Sirius Real Estate has announced yet another acquisition (JSE: SRE)

As I wrote yesterday, you can expect to see more of these!

Even though the ink is barely dry on the first SENS announcement this week that dealt with the acquisition of Reinsberg business park, Sirius Real Estate is out with news of another acquisition. This second transaction is smaller and is in the other region of interest: the UK.

Unlike the Reinsberg deal, the Earl Mill business park in Oldham in the UK has 95% occupancy. Despite this, they managed to buy on the asset on a huge net initial yield of 13.9%. Remember, the higher the yield, the cheaper the asset!

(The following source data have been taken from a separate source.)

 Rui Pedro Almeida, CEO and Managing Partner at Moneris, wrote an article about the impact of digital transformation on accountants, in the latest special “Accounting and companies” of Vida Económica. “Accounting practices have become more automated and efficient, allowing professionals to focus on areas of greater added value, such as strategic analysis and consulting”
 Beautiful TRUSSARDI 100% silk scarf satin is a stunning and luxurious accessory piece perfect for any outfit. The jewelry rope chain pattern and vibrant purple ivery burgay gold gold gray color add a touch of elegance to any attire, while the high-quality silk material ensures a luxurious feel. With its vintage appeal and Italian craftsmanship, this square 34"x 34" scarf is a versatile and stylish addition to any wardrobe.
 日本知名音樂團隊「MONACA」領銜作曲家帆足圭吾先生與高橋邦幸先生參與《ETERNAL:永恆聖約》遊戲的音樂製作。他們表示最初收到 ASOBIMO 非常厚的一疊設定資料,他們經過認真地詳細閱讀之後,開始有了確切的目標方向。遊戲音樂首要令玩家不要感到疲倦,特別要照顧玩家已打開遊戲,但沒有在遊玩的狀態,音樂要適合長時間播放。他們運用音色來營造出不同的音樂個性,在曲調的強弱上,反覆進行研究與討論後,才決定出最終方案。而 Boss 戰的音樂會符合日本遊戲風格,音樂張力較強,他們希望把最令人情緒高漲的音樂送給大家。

I can only think that the property needs a fair bit of capex or that the lease is expiring soon, as that acquisition price doesn’t make sense in any other context. The announcement isn’t explicit on this though, with only a passing mention of future value creation opportunities linked to vacant space, environmental ratings and future development.

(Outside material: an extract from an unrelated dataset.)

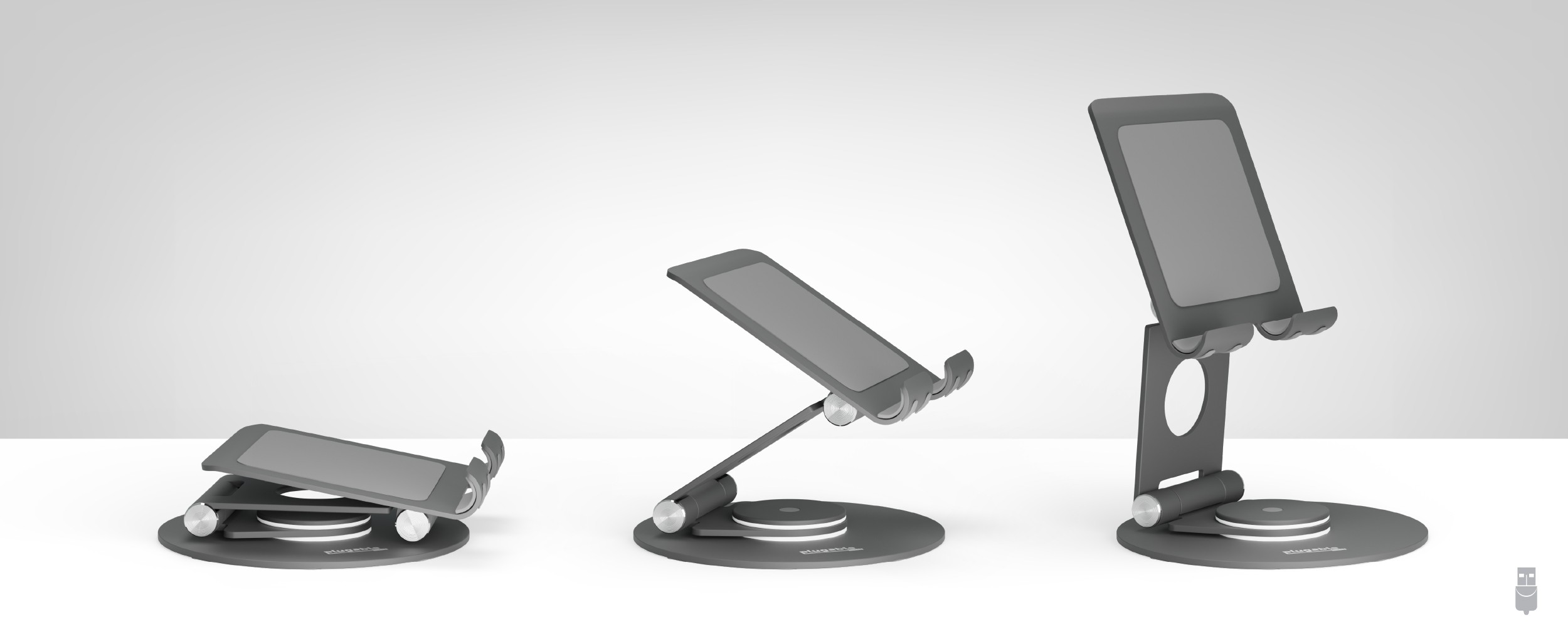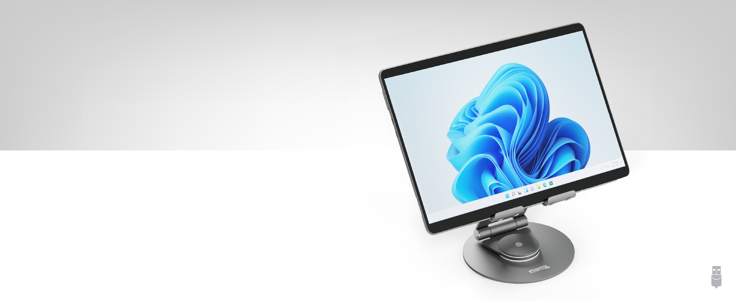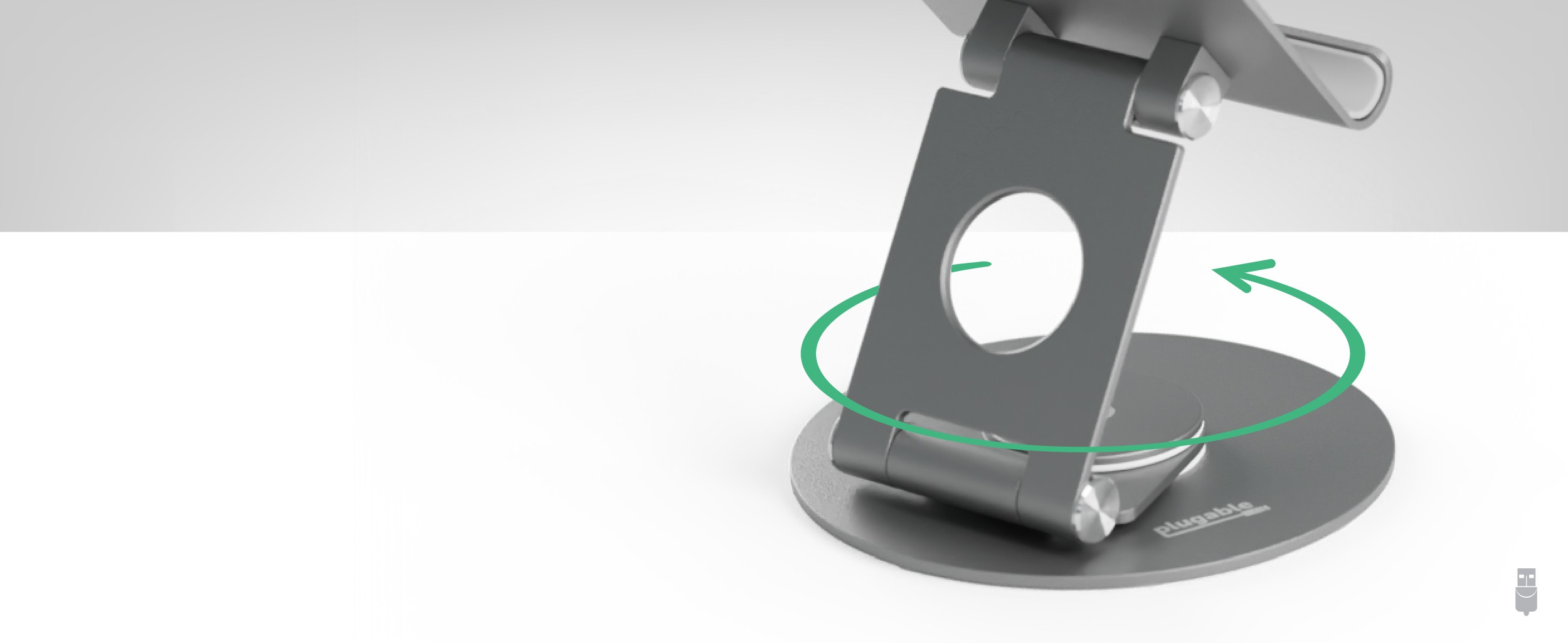 Plugable Universal Tablet Stands (PT-STAND1) offer a universal blend of versatility and convenience. Designed to support all phones and tablets up to 12.9 inches, the aluminum alloy stand features a 360° rotating base, and two 180° joints so you can find the perfect view for both work and entertainment.

When you’re buying on a yield of 13.9%, you don’t need to worry about future value creation. The deal itself is creating value!

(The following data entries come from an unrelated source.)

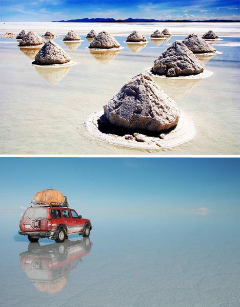 当驱车经过世界上最大的盐沼玻利维亚的乌尤尼盐湖时,你可能会有种虚无缥缈的感觉。阳光在巨大的盐湖上反射,让人感觉天地融为一体。工人正将等待处理的盐堆成圆锥状。进入盐沼,感觉就像进入了世外桃源。乌尤尼盐沼含盐量在100亿吨左右,但是每年只提取约2.5万吨盐。
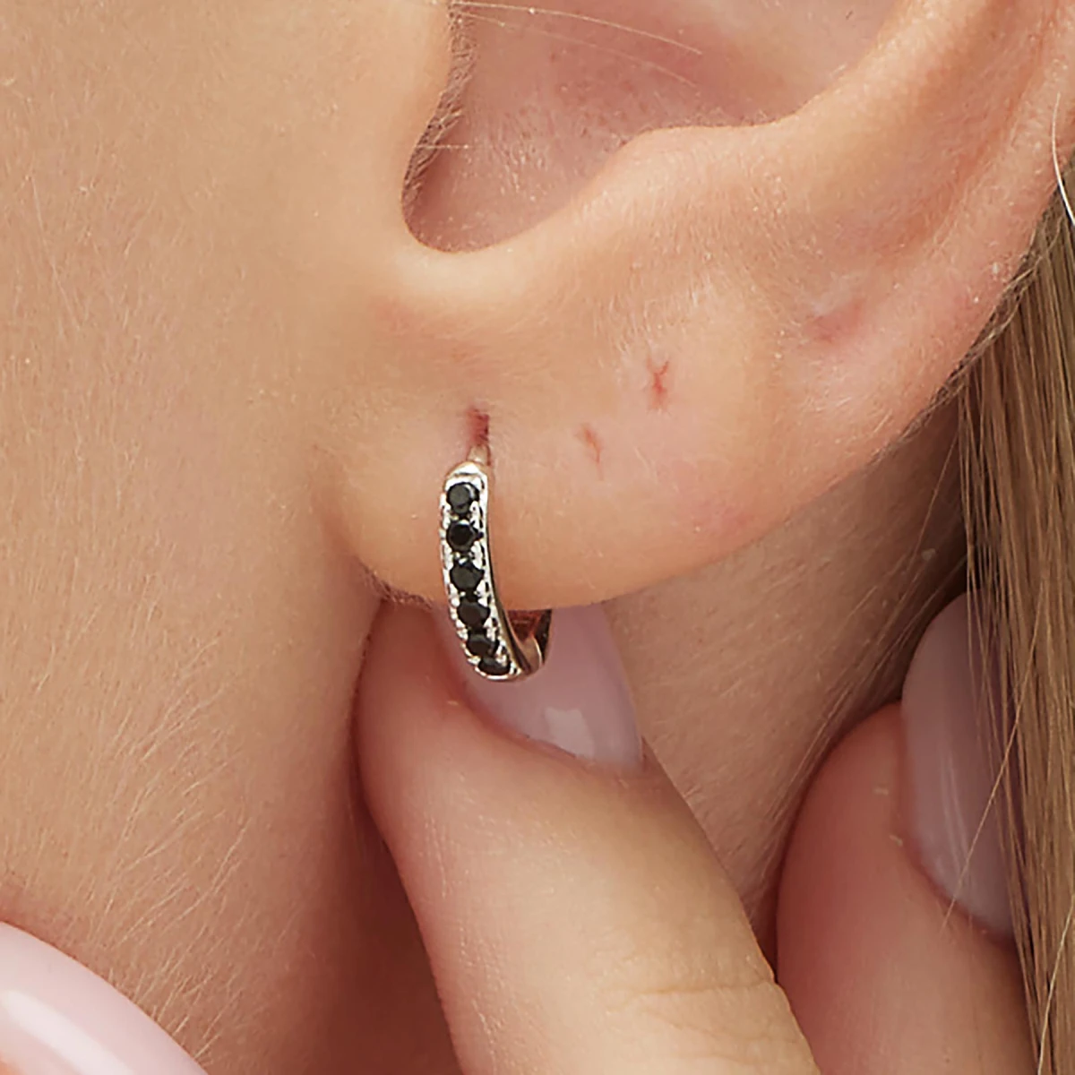Náušnice se zirkony kroužek. Náušnice je vyrobená ze stříbra ryzosti 925/1000, osazená prvotřídními zirkony. Povrch náušnice je porodiovaný. Nanesené rodium dodává náušnici jasnou barvu s leskem, současně chrání její povrch před poškrábáním a zaručuje náušnici dlouhodobý bezvadný vzhled. Náušnicové zapínání je kloubové. Uvedená cena platí ze jednu náušnici.
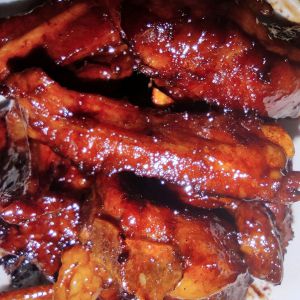 放油六成热转小火加入糖耐心熬,熬到糖化了冒泡了稍微变黄了,放入排骨翻炒均匀。
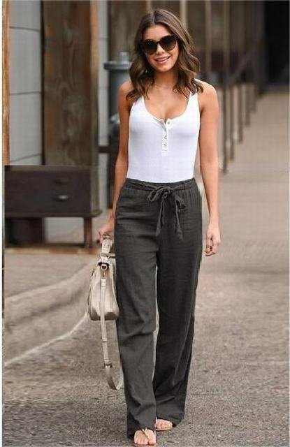 レディース ボトムス ひんやりパンツ リブリラックスパンツ ルームウエア 紐付き ゆったり 接触冷感 グレー 3XL

It’s just a pity that the deal is only sized at £5.7 million, which makes it much smaller than the €20.4 million Reinsberg deal that was at a far less lucrative yield.


Nibbles:

  • Director dealings:
    • An entity associated with Michiel le Roux, co-founder of Capitec (JSE: CPI), has added another 100,000 Capitec shares to a hedging transaction that goes back to August 2021. The original transaction covered 330,000 shares and there was a further transaction in November 2024 for 95,000 shares. The new structure includes put options at strike prices of R2,660 and R2,811 per share (depending on which tranche) and call options at R3,643 (it sounds like that call option strike now applies to all the shares from November 2024 and this tranche). For reference, the current spot price is R3,118.
  • Although I usually don’t comment on changes to stakes held by asset management firms in listed companies, I think there’s enough noise around Renergen (JSE: REN) to warrant a mention that Mazi Asset Management has upped its stake from 9.21% to 13.53%. Mazi are either going to look like heroes or fools here, as this is about as risky as it gets right now. Hopefully it will be the former!
  • It’s not absolutely clear at this stage whether Emira Property (JSE: EMI) will still going ahead with the second tranche of a deal with DL Invest Group in Poland. The date for delivery of the subscription notice has been pushed out to 28 March 2025, failing which it will lapse. To get that done, Emira needs to release a Category 1 circular, which requires a lot of financial information. Emira is trying to finalise the circular and meet the deadline, so for now at least there’s still a willingness from the company to push through. This is also of relevance for Castleview (JSE: CVW) shareholders, as Castleview holds 59.3% in Emira.
  • In very sad news from Harmony (JSE: HAR), there have been two separate loss-of-life incidents leading to five employees passing away. Two were involved in a mining incident at Doornkop Mine in Soweto and three in a fall of ground incident at Joel Mine in the Free State. These are obviously unrelated incidents and they show how much danger there still is in mining.
  • Sebata Holdings (JSE: SEB) finally released earnings for the six months to September. Revenue was R84 million and the headline loss per share was 0.13 cents, which is better than the loss of 9.91 cents in the comparable period.
  • There’s been a substantial change to the shareholder register at South Ocean Holdings (JSE: SOH). Metallic City International Limited sold its 20.19% shareholding to SAF Metal Holdings LLC, a US company. Will there be more action here? Only time will tell.
  • Oando (JSE: OAO) is executing what sounds like a scrip distribution based on one new share for every twelve held. There are two tranches, the first of which is this month.